WHAT YOU ARE ASKED TO DO = Give back every record word for word, keeping the pictures out.

MATERIAL PROVIDED =
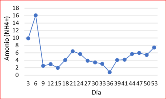 De acuerdo con los datos obtenidos, se observó una fluctuación en la concentración de amonio (mg/L) durante el periodo experimental de 18 días, con valores que oscilaron entre un mínimo de 0,8 mg/L y un máximo de 16,1 mg/L. Se registró una concentración inicial de 9,9 mg/L, que aumentó a 16,1 mg/L. Este aumento puede atribuirse a la acumulación de alimento no consumido por los peces y al incremento de compuestos nitrogenados, producto de la actividad metabólica de los peces, antes de que el biofiltro lograra estabilizarse. Además, parte de la descomposición del alimento no ingerido ocurre en el fondo del tanque, por la acción de las bacterias nitrificantes. Sin embargo, al no tener un sustrato para su adhesión, estas pueden tardar entre cuatro a ocho semanas en colonizar el fondo y descomponer eficazmente el amonio en esta unidad operativa. También es necesario destacar que el sistema radicular de las plantas de Capsicum annuum en el prototipo aún no era lo suficientemente extenso como para estar completamente sumergido en el agua de recirculación.
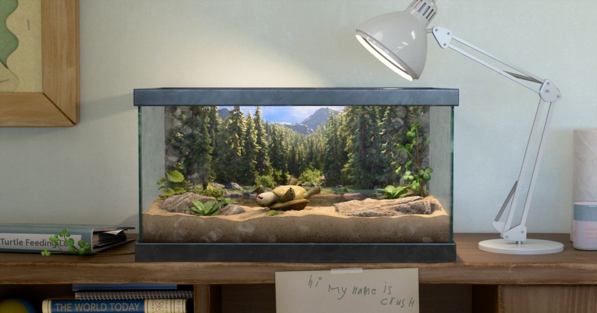 一つ目は、小学生の頃のメイベルが動物たちを教室の飼育ケースから救出するシーンに出てくるカメの名前が「クラッシュ」であることで、これはもちろん『ファインディング・ニモ』の人気キャラ、ウミガメのクラッシュと同じ名前。このシーンでは、ピクサー映画のオープニングでおなじみのピクサーランプ(ルクソーJr.)がクラッシュの水槽を照らしているので併せてチェックしたい。
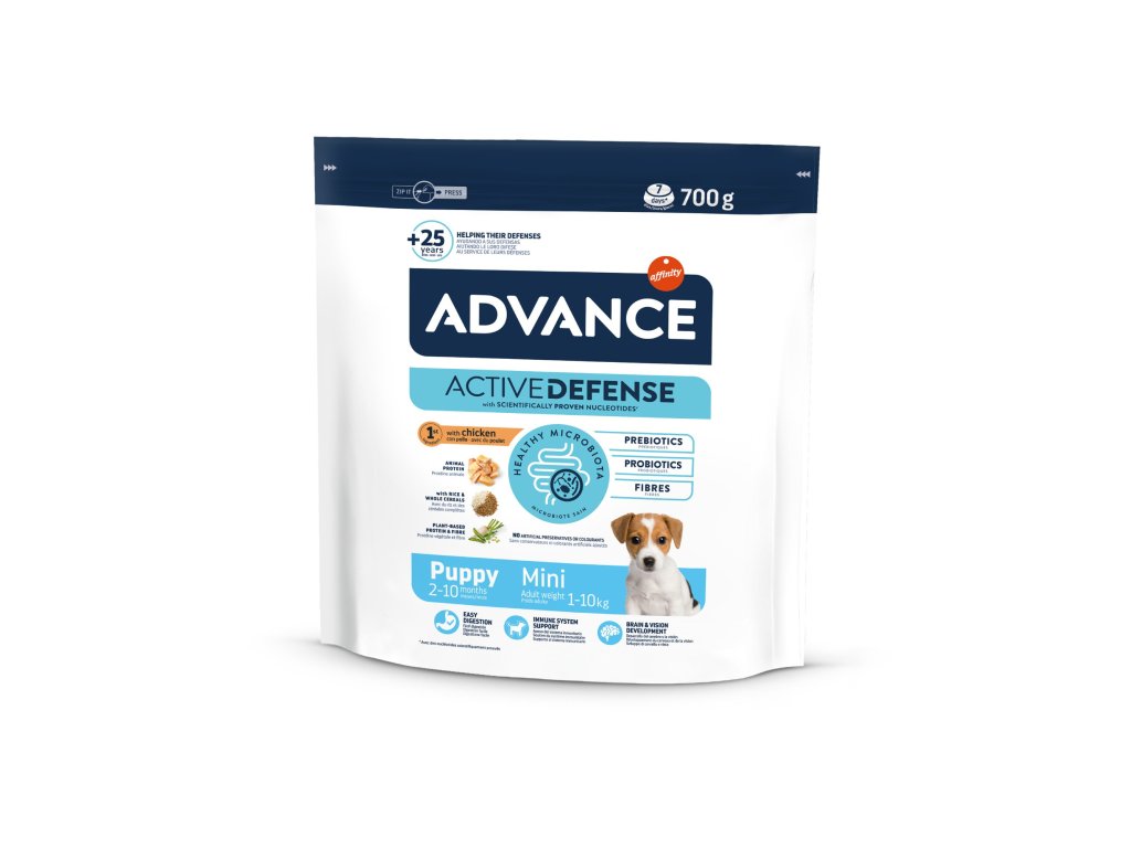 Krmivo Advance Puppy Mini je speciálně vyvinuto tak, aby splňovalo nutriční potřeby štěňat. Krmivo je lehce stravitelné a díky omega 3 mastným kyselinám, vitamínům a minerálům přispívá k normálnímu vývoji mozku a zraku a k optimálnímu růstu kostí štěněte. Součástí jsou nukleotidy, které pomáhají udržovat přirozenou imunitní reakci. Granule jsou menší velikosti, aby se vešly do tlamy malého štěněte.
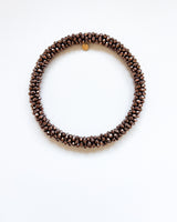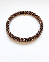Collar gargantilla de pequeños cristales formando un cordón elástico. Queda pegado al cuello.
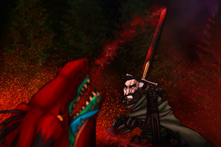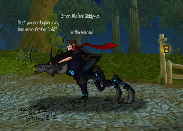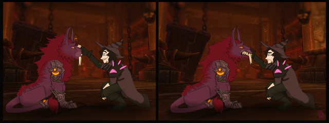 I'm working on some new story/comic ideas, and this is related to them. In this sequence, the ranger's mount stumbled upon a soulstone in the woods, the entity within influencing the creature with it's magic to crack the stone, the entity then flowing into the wolf, and possessing it. It's fur changed from a goldish brown to a potent blackish blue, purple veins appearing momentarily as it's body grew slightly.I won't say much of my ideas for this story, in the event that I never actually do it! : D So anyway, hope you like it!
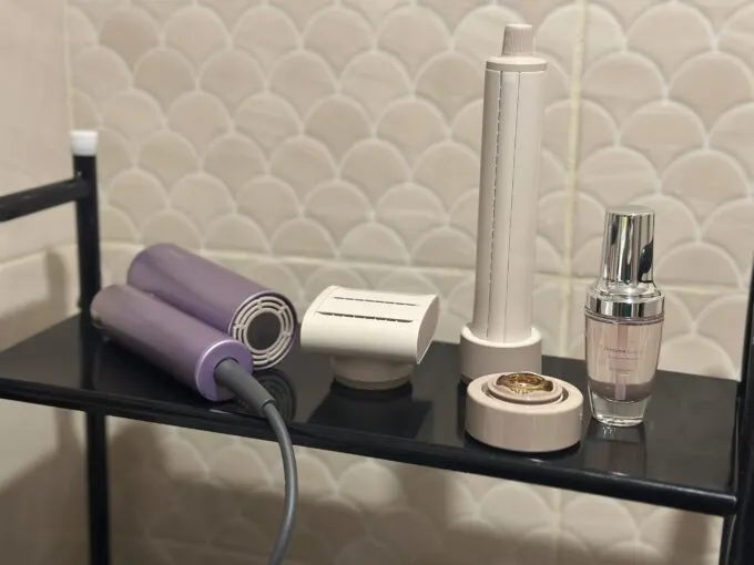 Устройство имеет три конфигурации: транспортировочную, фен (90 градусов) и стайлер (180 градусов). Аксессуары крепятся на магнитах (привет, Dyson) — это практичное решение.
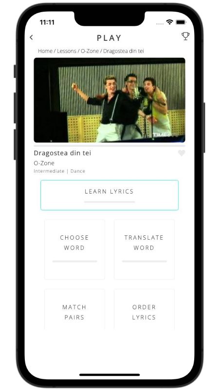 In addition to reading lyric translations, you can now learn Romanian with music and lyrics from your favorite artists.
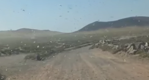 Las imágenes muestran a un número inusualmente alto de langostas posadas en la carretera antes de continuar camino.
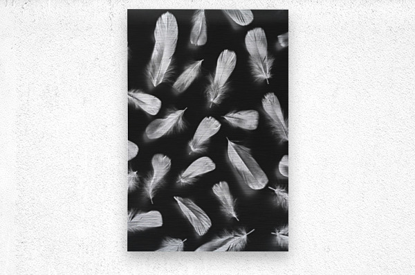 Creative scene of fluffy floating feathers abstracted in inversism styling on black background
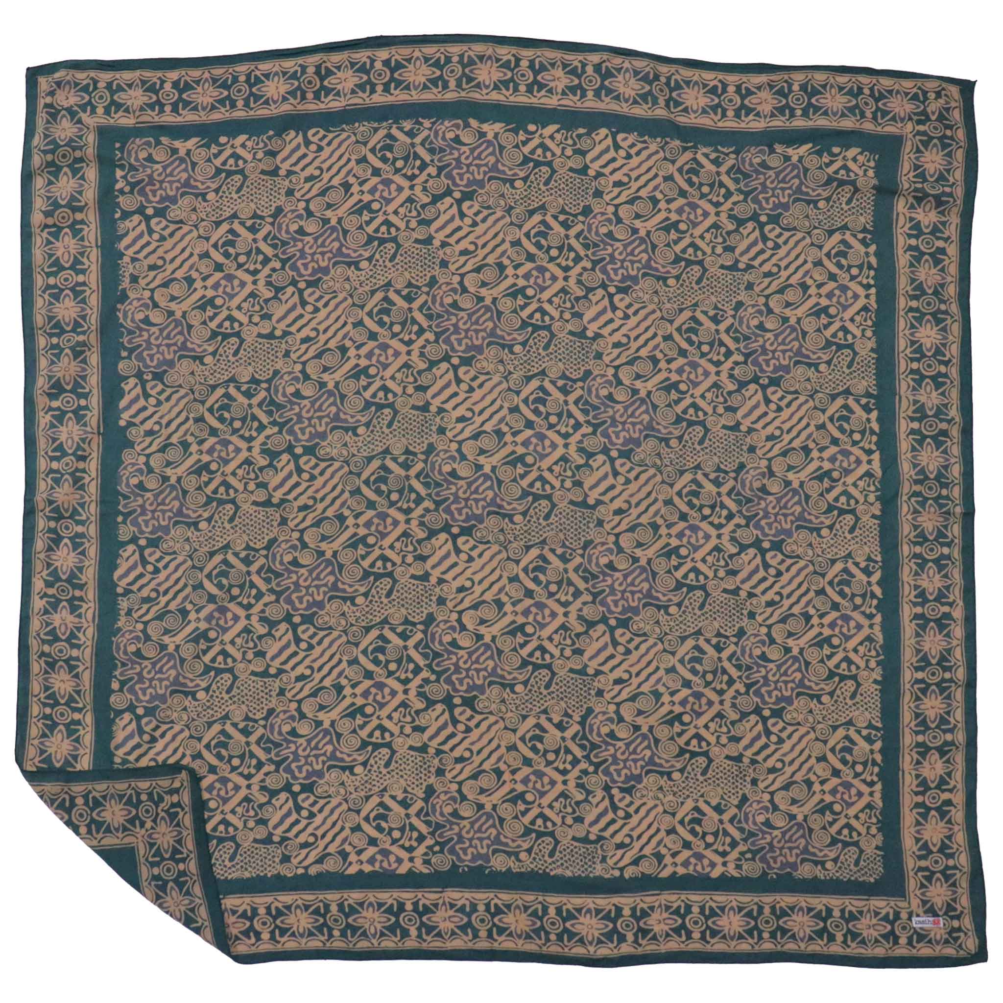 Large 39" Hand Dyed Batik Bandana, 100% Soft Cotton, Abstract Flowers, Teal, Patina Blue
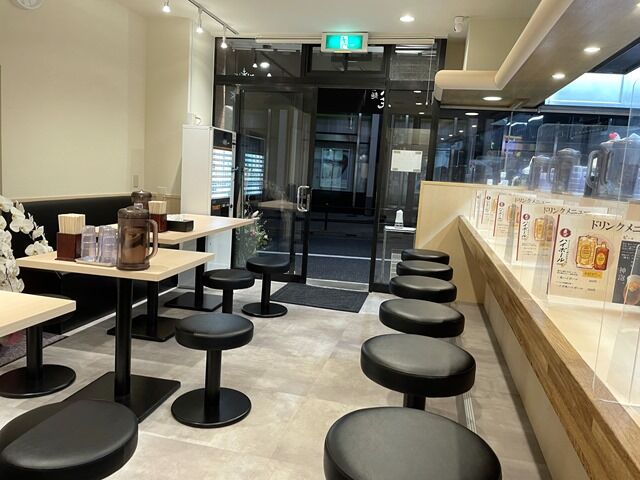 店内は厨房前に真っ直ぐなカウンター8席、4人卓x2、2人卓x1。カウンターは1席毎にアクリル板の仕切あり。
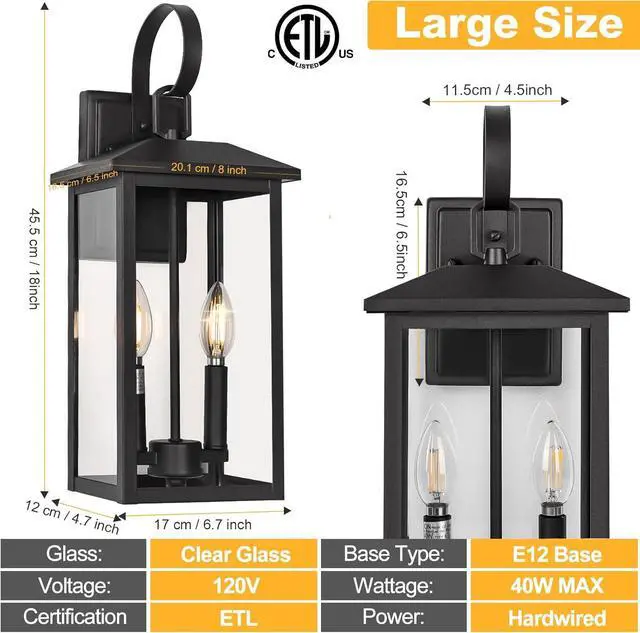 Large Size & Versatile Application: Our exterior lighting fixture stands at 18 inches in height, with a back plate measuring approximately 4.5 inches wide and 6.5 inches tall. Ideal for illuminating and enhancing the aesthetic appeal of your home' s outdoor spaces, please verify the size of the patio wall-mounted light and the type of bulb its requires
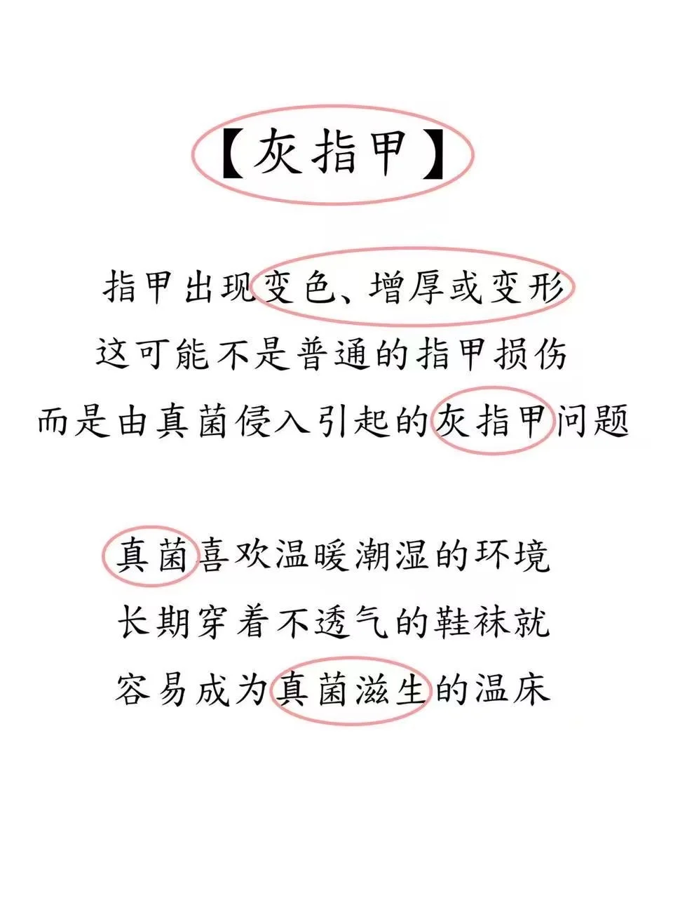指甲出现变色、增厚或变形。这可能不是普通的指甲损伤,而是由真菌侵入引起的灰指甲问题。真菌喜欢温暖潮湿的环境,长期穿着不透气的鞋袜就容易成为真菌滋生的温床。
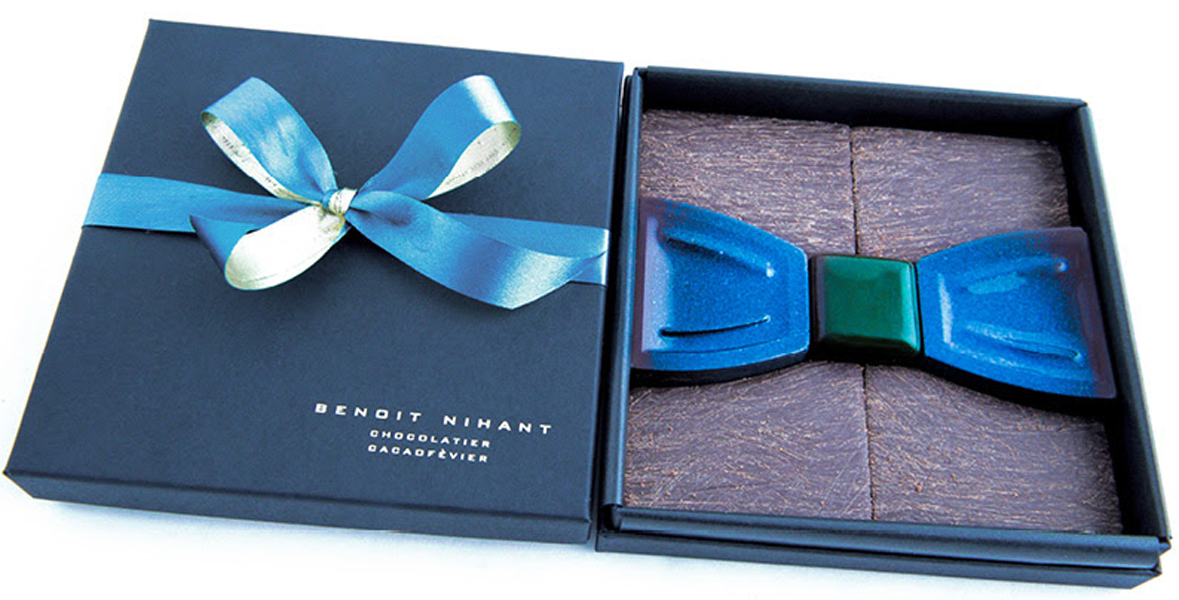 Cette année, le cacao févier Benoît Nihant propose un nœud papillon en chocolat praliné que les papas gourmands se feront un plaisir de croquer. Reposant fièrement sur son socle de Chocolat Grand Cru, cet accessoire indémodable est réalisé en praliné Maison aux noisettes du Piémont et aux amandes de Provence. Il fait passer un message d’amour et de tendresse, à l’occasion de leurs fêtes !
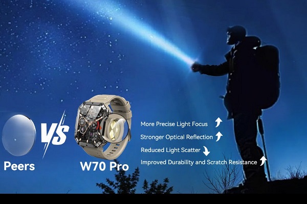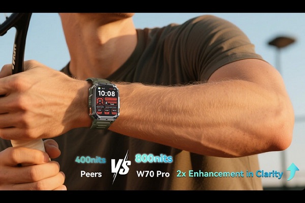 Дисплей розміром 2.1 дюйма з яскравістю 800 ніт на W70 Pro гарантує чітке та ясне зображення навіть під прямим сонцем, дозволяючи без зусиль переглядати повідомлення, дзвінки та дані тренувань за будь-якого освітлення.
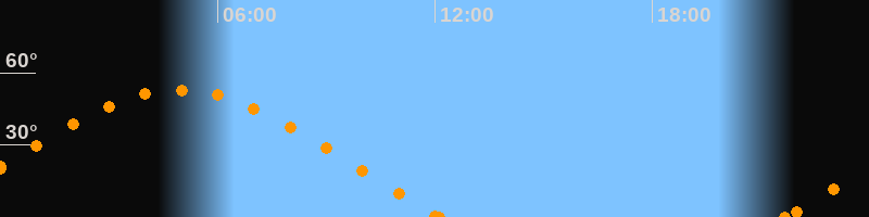 Höchster Stand (Kulmination)04:55 Uhr (h = 52.9°)
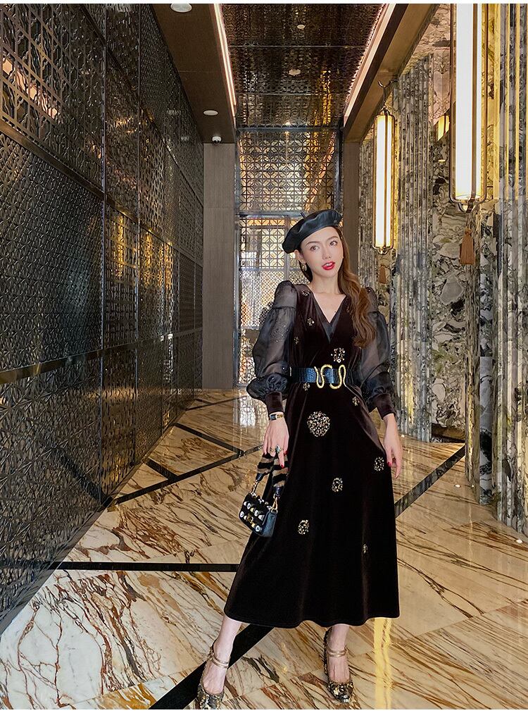 Vネックベルベットドレス シースルースリーブ 長袖 ワンピース ドレス ベルベット レディース パーティー お呼ばれ 綺麗 エレガント 刺繍 スパンコール a4276
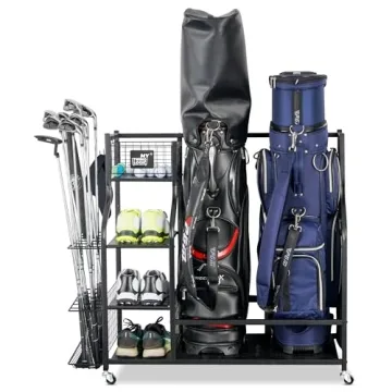 The Mythinglogic Golf Storage Organizer is designed to hold multiple golf bags and a variety of accessories, ensuring it can handle the weight of your equipment securely.
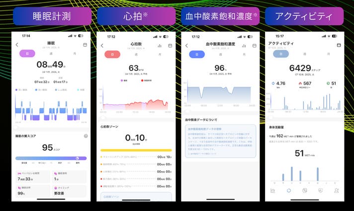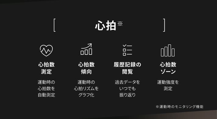 - 【連続モニタリング】睡眠・運動時の心拍・トレーニング記録をセンサーとAIアルゴリズムが正確解析
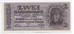 Ainsi, le Commissariat était doté d'une banque centrale, la Banque centrale monétaire d'Ukraine (ZNU)[29], créée par décret le ; cet institut d'émission de monnaie est placé sous le contrôle de fonctionnaires de la Reichsbank. Ainsi, cette nouvelle banque centrale émet une monnaie nationale, le karbowanez, qui remplace le rouble[30].
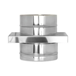 Wenn der Edelstahlschornstein einen Knick macht, muss oft eine Grundplatte für Zwischenstütze gesetzt werden. Damit erhöht man die Stabilität des Aufbaus und der Schornstein ist statisch bestimmt.
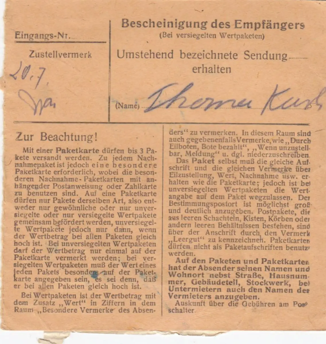Carte de paquet BiZone 1948: Mainburg vers Oberammergau Lindenhof
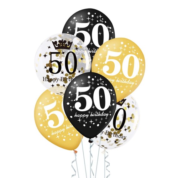 Zestaw 6 balonów lateksowych na 50 urodziny.
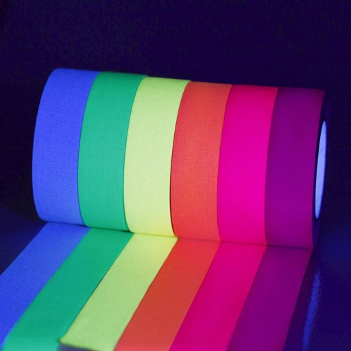 Fluorescencyjne kolory taśmy świecą w świetle UV.

YOUR SOLUTION =
 De acuerdo con los datos obtenidos, se observó una fluctuación en la concentración de amonio (mg/L) durante el periodo experimental de 18 días, con valores que oscilaron entre un mínimo de 0,8 mg/L y un máximo de 16,1 mg/L. Se registró una concentración inicial de 9,9 mg/L, que aumentó a 16,1 mg/L. Este aumento puede atribuirse a la acumulación de alimento no consumido por los peces y al incremento de compuestos nitrogenados, producto de la actividad metabólica de los peces, antes de que el biofiltro lograra estabilizarse. Además, parte de la descomposición del alimento no ingerido ocurre en el fondo del tanque, por la acción de las bacterias nitrificantes. Sin embargo, al no tener un sustrato para su adhesión, estas pueden tardar entre cuatro a ocho semanas en colonizar el fondo y descomponer eficazmente el amonio en esta unidad operativa. También es necesario destacar que el sistema radicular de las plantas de Capsicum annuum en el prototipo aún no era lo suficientemente extenso como para estar completamente sumergido en el agua de recirculación.
 一つ目は、小学生の頃のメイベルが動物たちを教室の飼育ケースから救出するシーンに出てくるカメの名前が「クラッシュ」であることで、これはもちろん『ファインディング・ニモ』の人気キャラ、ウミガメのクラッシュと同じ名前。このシーンでは、ピクサー映画のオープニングでおなじみのピクサーランプ(ルクソーJr.)がクラッシュの水槽を照らしているので併せてチェックしたい。
 Krmivo Advance Puppy Mini je speciálně vyvinuto tak, aby splňovalo nutriční potřeby štěňat. Krmivo je lehce stravitelné a díky omega 3 mastným kyselinám, vitamínům a minerálům přispívá k normálnímu vývoji mozku a zraku a k optimálnímu růstu kostí štěněte. Součástí jsou nukleotidy, které pomáhají udržovat přirozenou imunitní reakci. Granule jsou menší velikosti, aby se vešly do tlamy malého štěněte.
Collar gargantilla de pequeños cristales formando un cordón elástico. Queda pegado al cuello.
 I'm working on some new story/comic ideas, and this is related to them. In this sequence, the ranger's mount stumbled upon a soulstone in the woods, the entity within influencing the creature with it's magic to crack the stone, the entity then flowing into the wolf, and possessing it. It's fur changed from a goldish brown to a potent blackish blue, purple veins appearing momentarily as it's body grew slightly.I won't say much of my ideas for this story, in the event that I never actually do it! : D So anyway, hope you like it!
 Устройство имеет три конфигурации: транспортировочную, фен (90 градусов) и стайлер (180 градусов). Аксессуары крепятся на магнитах (привет, Dyson) — это практичное решение.
 In addition to reading lyric translations, you can now learn Romanian with music and lyrics from your favorite artists.
 Las imágenes muestran a un número inusualmente alto de langostas posadas en la carretera antes de continuar camino.
 Creative scene of fluffy floating feathers abstracted in inversism styling on black background
 Large 39" Hand Dyed Batik Bandana, 100% Soft Cotton, Abstract Flowers, Teal, Patina Blue
 店内は厨房前に真っ直ぐなカウンター8席、4人卓x2、2人卓x1。カウンターは1席毎にアクリル板の仕切あり。
 Large Size & Versatile Application: Our exterior lighting fixture stands at 18 inches in height, with a back plate measuring approximately 4.5 inches wide and 6.5 inches tall. Ideal for illuminating and enhancing the aesthetic appeal of your home' s outdoor spaces, please verify the size of the patio wall-mounted light and the type of bulb its requires
指甲出现变色、增厚或变形。这可能不是普通的指甲损伤,而是由真菌侵入引起的灰指甲问题。真菌喜欢温暖潮湿的环境,长期穿着不透气的鞋袜就容易成为真菌滋生的温床。
 Cette année, le cacao févier Benoît Nihant propose un nœud papillon en chocolat praliné que les papas gourmands se feront un plaisir de croquer. Reposant fièrement sur son socle de Chocolat Grand Cru, cet accessoire indémodable est réalisé en praliné Maison aux noisettes du Piémont et aux amandes de Provence. Il fait passer un message d’amour et de tendresse, à l’occasion de leurs fêtes !
 Дисплей розміром 2.1 дюйма з яскравістю 800 ніт на W70 Pro гарантує чітке та ясне зображення навіть під прямим сонцем, дозволяючи без зусиль переглядати повідомлення, дзвінки та дані тренувань за будь-якого освітлення.
 Höchster Stand (Kulmination)04:55 Uhr (h = 52.9°)
 Vネックベルベットドレス シースルースリーブ 長袖 ワンピース ドレス ベルベット レディース パーティー お呼ばれ 綺麗 エレガント 刺繍 スパンコール a4276
 The Mythinglogic Golf Storage Organizer is designed to hold multiple golf bags and a variety of accessories, ensuring it can handle the weight of your equipment securely.
 - 【連続モニタリング】睡眠・運動時の心拍・トレーニング記録をセンサーとAIアルゴリズムが正確解析
 Ainsi, le Commissariat était doté d'une banque centrale, la Banque centrale monétaire d'Ukraine (ZNU)[29], créée par décret le ; cet institut d'émission de monnaie est placé sous le contrôle de fonctionnaires de la Reichsbank. Ainsi, cette nouvelle banque centrale émet une monnaie nationale, le karbowanez, qui remplace le rouble[30].
 Wenn der Edelstahlschornstein einen Knick macht, muss oft eine Grundplatte für Zwischenstütze gesetzt werden. Damit erhöht man die Stabilität des Aufbaus und der Schornstein ist statisch bestimmt.
Carte de paquet BiZone 1948: Mainburg vers Oberammergau Lindenhof
 Zestaw 6 balonów lateksowych na 50 urodziny.
 Fluorescencyjne kolory taśmy świecą w świetle UV.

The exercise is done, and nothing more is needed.